## Listed records
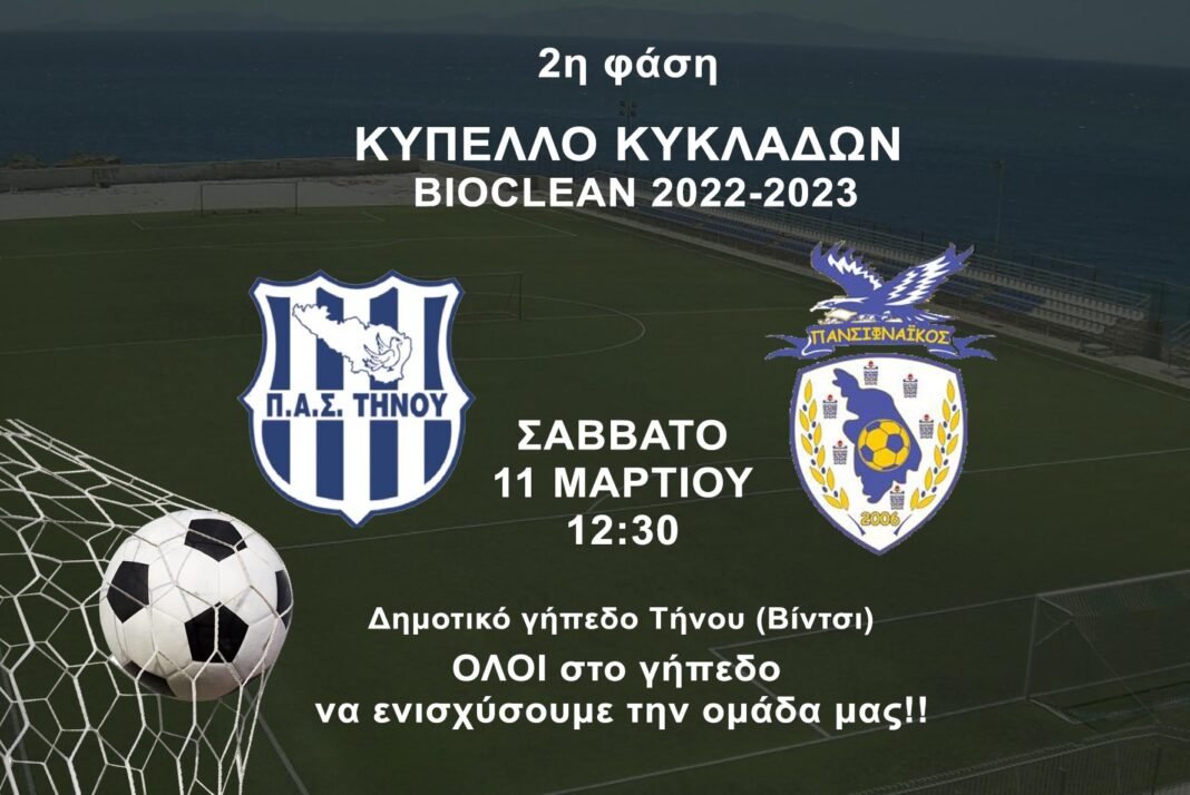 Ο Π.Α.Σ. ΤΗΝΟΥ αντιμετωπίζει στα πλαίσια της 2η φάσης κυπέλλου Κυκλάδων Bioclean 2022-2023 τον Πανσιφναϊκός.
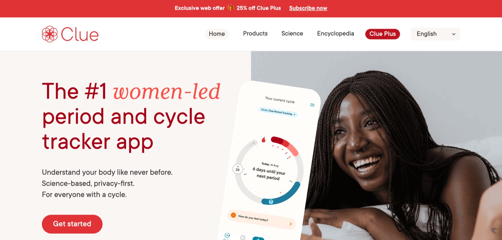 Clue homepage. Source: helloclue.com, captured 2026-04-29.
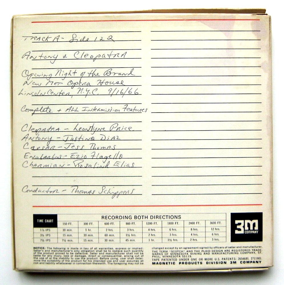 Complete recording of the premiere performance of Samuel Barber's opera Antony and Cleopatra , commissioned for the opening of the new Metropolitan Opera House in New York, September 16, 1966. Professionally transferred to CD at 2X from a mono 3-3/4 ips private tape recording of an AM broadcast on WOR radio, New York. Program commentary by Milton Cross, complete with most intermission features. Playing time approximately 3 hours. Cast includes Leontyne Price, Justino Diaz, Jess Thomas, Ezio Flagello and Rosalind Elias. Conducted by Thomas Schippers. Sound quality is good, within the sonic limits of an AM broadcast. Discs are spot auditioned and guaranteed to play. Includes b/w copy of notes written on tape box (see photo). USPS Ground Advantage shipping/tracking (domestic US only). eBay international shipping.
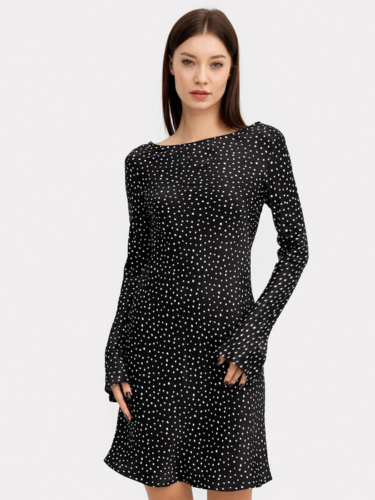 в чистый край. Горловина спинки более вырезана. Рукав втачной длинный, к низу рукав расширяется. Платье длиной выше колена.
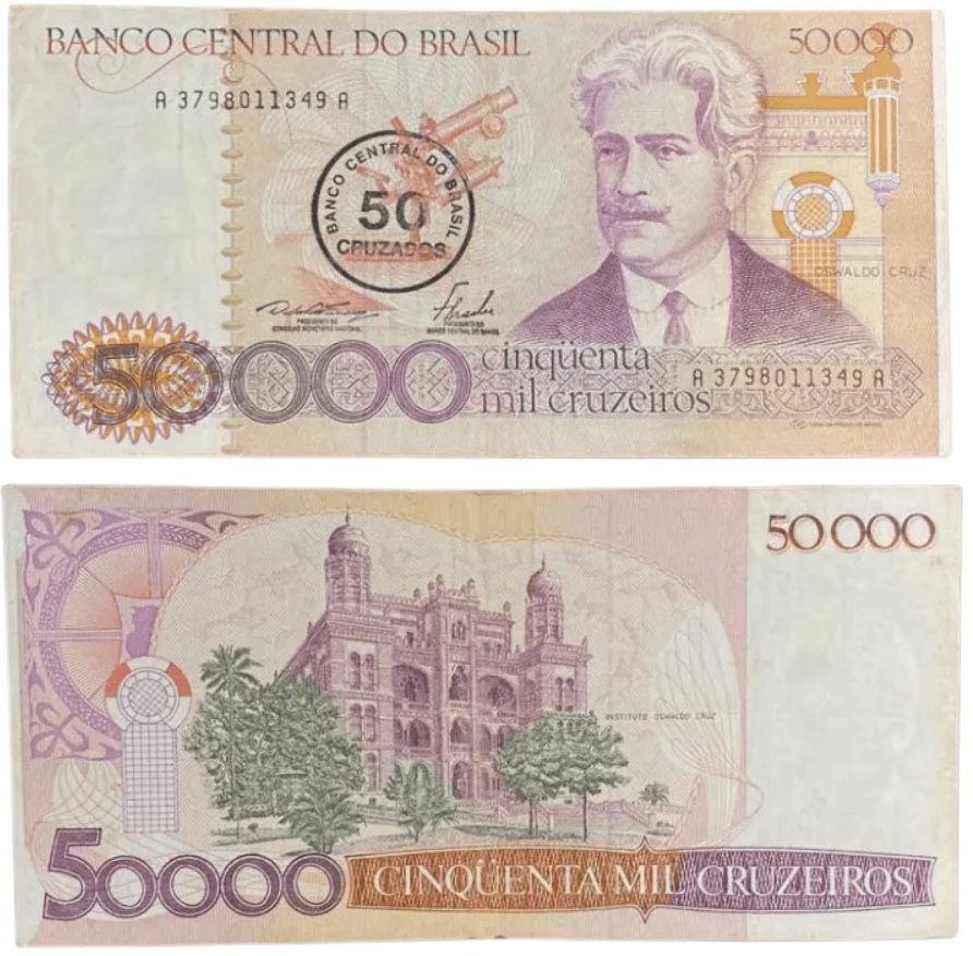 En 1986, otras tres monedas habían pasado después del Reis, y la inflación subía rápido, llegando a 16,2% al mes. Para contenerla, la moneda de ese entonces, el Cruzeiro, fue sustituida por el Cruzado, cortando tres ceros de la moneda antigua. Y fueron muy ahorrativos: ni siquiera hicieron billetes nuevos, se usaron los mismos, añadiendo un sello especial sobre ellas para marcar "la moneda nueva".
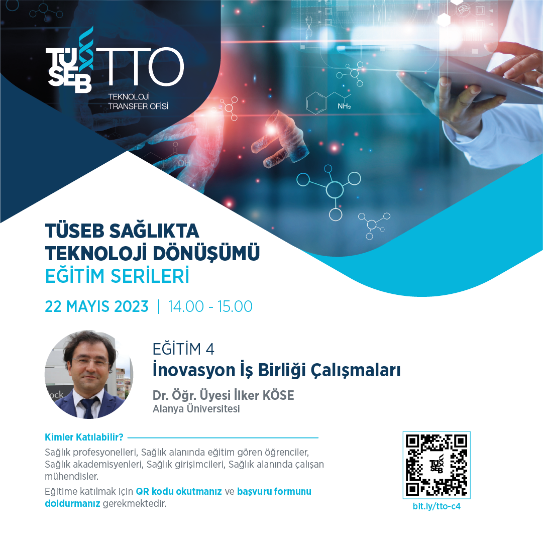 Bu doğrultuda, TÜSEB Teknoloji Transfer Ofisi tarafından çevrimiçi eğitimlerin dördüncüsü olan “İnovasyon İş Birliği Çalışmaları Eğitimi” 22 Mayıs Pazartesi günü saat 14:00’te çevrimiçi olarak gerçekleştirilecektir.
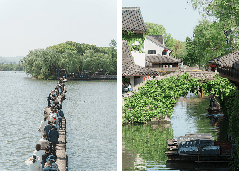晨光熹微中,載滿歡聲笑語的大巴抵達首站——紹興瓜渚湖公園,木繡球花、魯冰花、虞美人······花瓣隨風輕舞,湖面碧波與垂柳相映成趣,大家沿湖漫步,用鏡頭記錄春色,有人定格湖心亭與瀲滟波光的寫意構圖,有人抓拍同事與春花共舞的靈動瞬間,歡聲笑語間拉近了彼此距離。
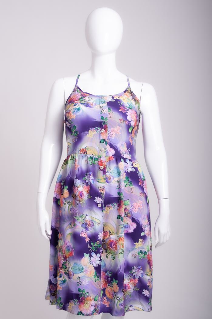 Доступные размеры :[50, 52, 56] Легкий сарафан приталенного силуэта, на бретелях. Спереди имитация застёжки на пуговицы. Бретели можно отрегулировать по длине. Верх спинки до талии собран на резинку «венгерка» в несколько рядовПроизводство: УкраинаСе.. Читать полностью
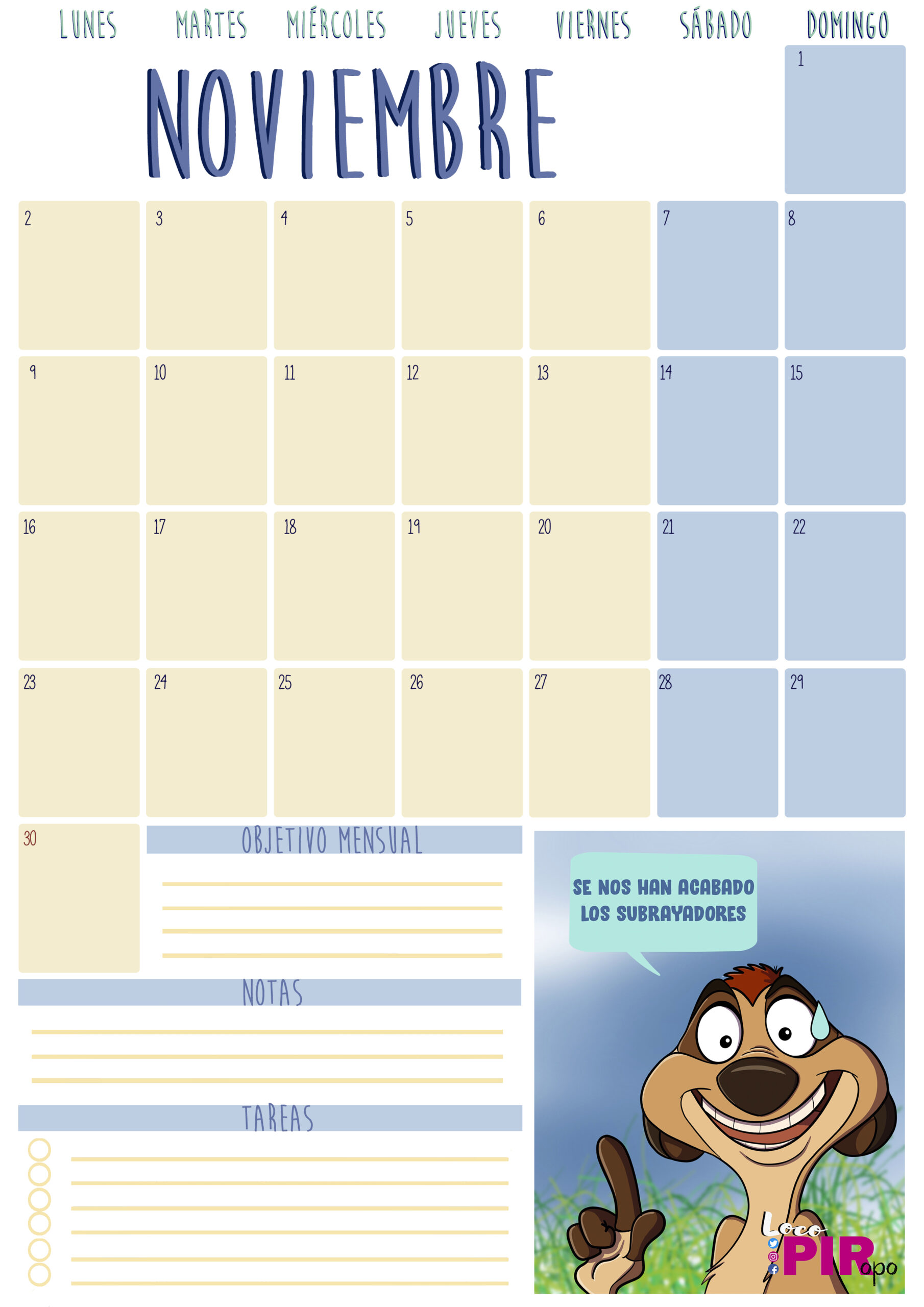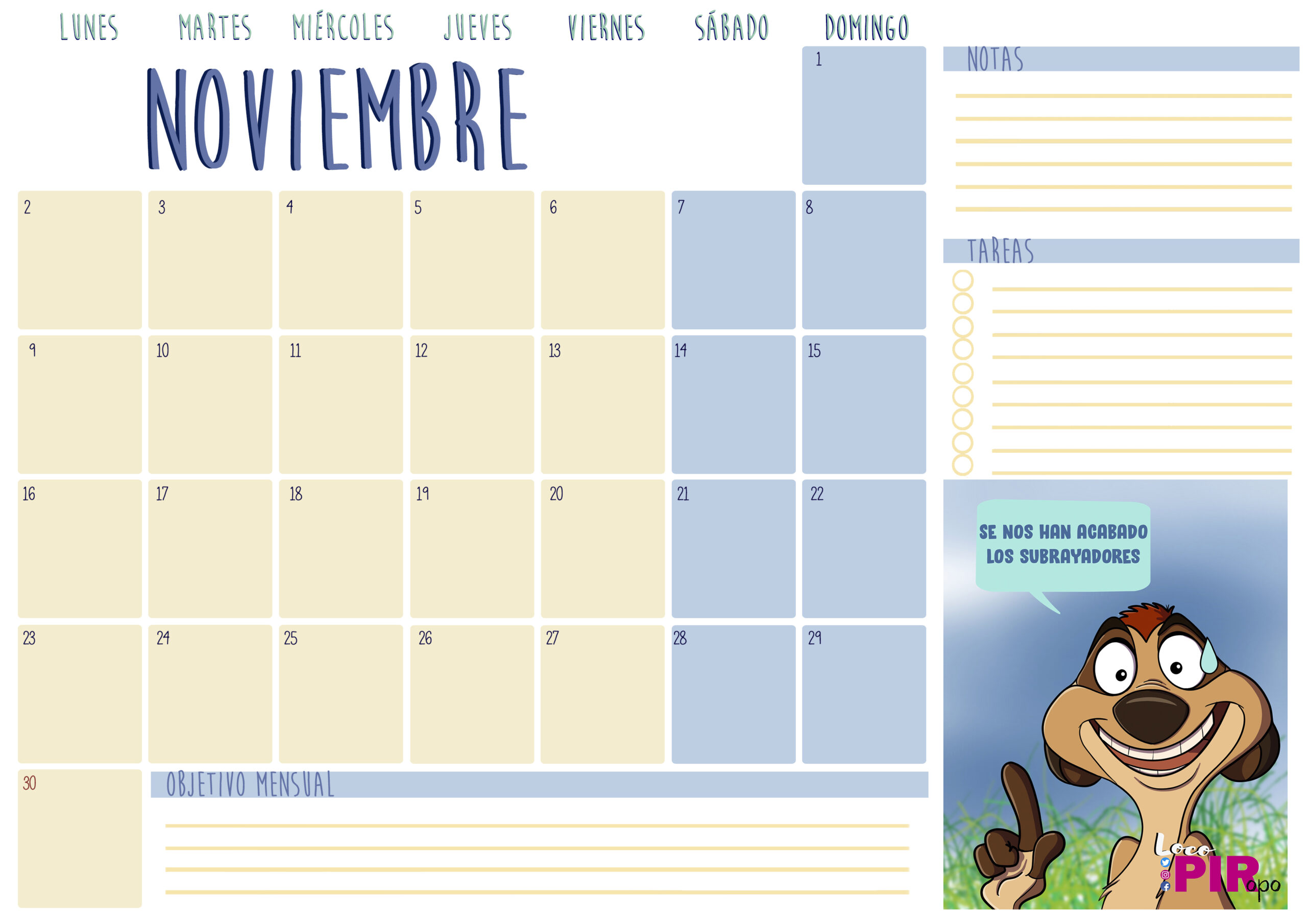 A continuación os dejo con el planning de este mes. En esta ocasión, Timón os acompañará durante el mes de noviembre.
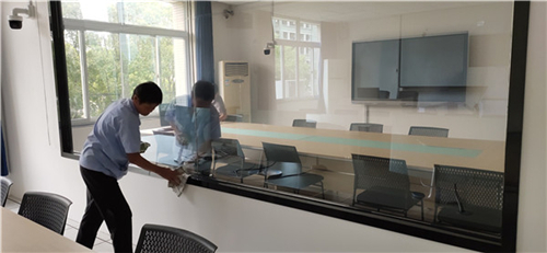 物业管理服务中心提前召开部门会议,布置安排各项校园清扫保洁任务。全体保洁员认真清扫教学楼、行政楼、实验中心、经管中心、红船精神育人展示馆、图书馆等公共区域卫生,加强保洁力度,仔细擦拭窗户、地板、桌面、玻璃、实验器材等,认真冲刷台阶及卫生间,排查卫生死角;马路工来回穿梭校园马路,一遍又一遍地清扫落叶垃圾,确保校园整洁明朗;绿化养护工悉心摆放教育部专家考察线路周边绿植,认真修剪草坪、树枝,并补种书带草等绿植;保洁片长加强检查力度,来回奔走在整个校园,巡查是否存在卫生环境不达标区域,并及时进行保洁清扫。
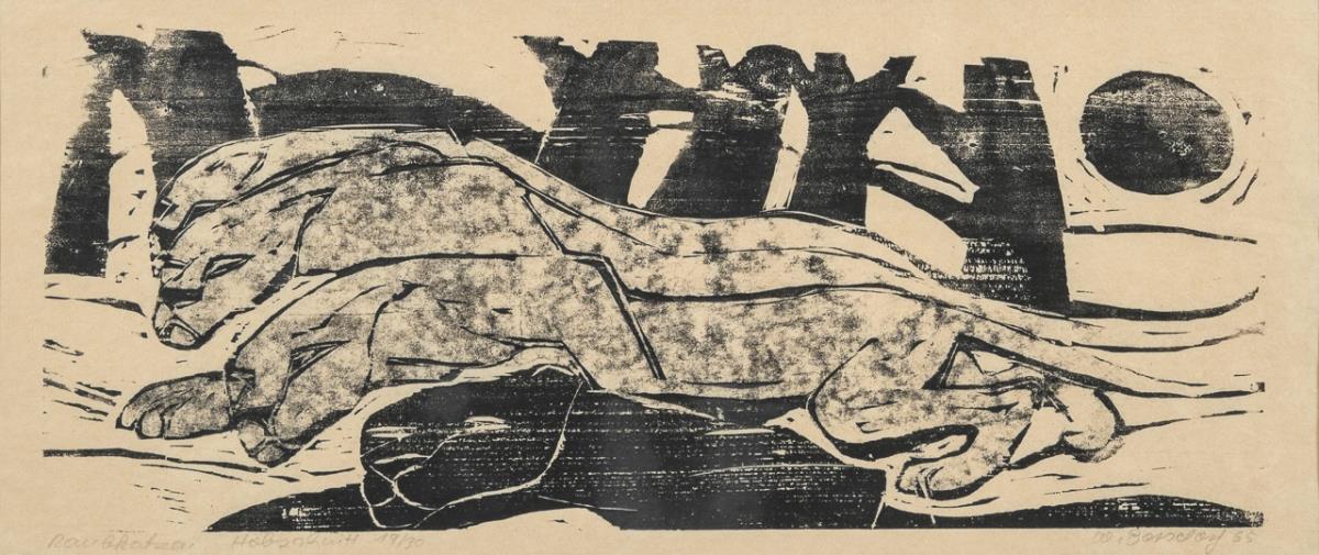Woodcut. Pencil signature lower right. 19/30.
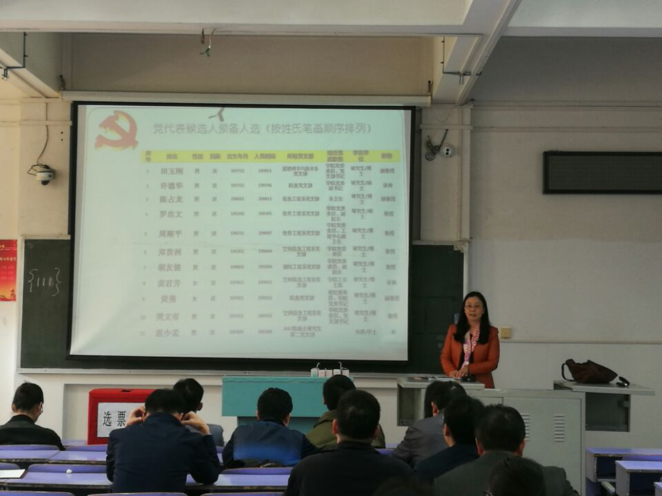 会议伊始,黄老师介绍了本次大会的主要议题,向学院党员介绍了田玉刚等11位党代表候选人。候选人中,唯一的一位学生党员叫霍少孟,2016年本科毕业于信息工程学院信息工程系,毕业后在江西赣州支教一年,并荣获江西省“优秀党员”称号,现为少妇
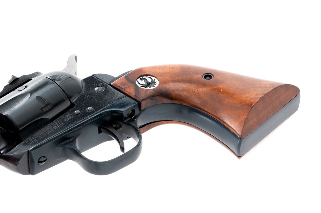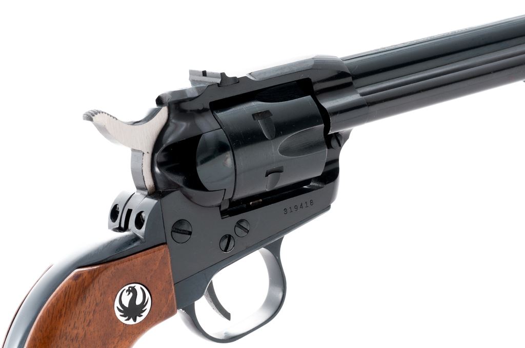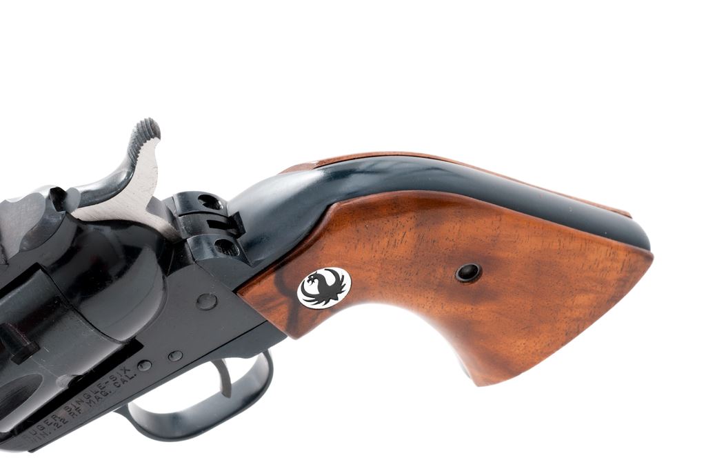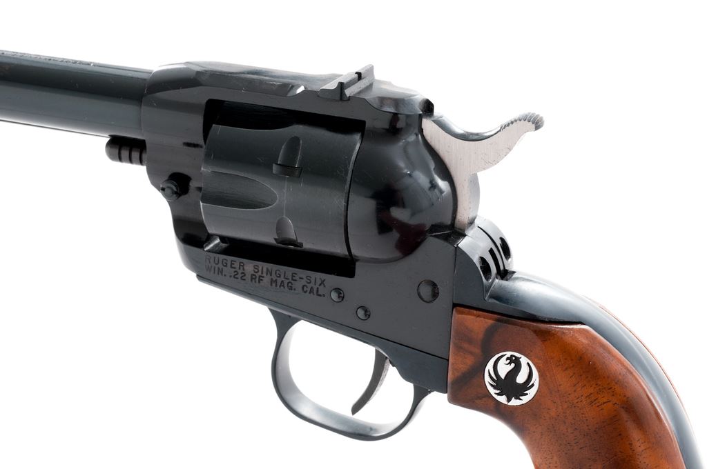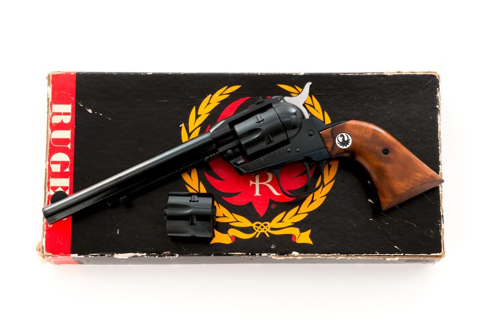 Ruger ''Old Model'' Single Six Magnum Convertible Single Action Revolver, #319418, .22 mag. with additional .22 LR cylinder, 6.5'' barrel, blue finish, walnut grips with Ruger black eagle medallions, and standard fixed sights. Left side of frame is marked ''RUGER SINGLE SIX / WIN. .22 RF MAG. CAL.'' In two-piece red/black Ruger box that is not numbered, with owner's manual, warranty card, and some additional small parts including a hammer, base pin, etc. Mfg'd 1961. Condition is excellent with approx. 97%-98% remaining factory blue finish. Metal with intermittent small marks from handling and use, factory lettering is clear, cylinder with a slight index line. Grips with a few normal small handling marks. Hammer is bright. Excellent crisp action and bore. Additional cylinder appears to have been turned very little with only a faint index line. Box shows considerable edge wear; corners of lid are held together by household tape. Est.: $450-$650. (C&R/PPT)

## Work instruction
Beginning with the first line of the records, write out every line up to and including the one with "Clue homepage. Source: helloclue.com, captured", exactly, and omit all pictures.

## Task response
 Ο Π.Α.Σ. ΤΗΝΟΥ αντιμετωπίζει στα πλαίσια της 2η φάσης κυπέλλου Κυκλάδων Bioclean 2022-2023 τον Πανσιφναϊκός.
 Clue homepage. Source: helloclue.com, captured 2026-04-29.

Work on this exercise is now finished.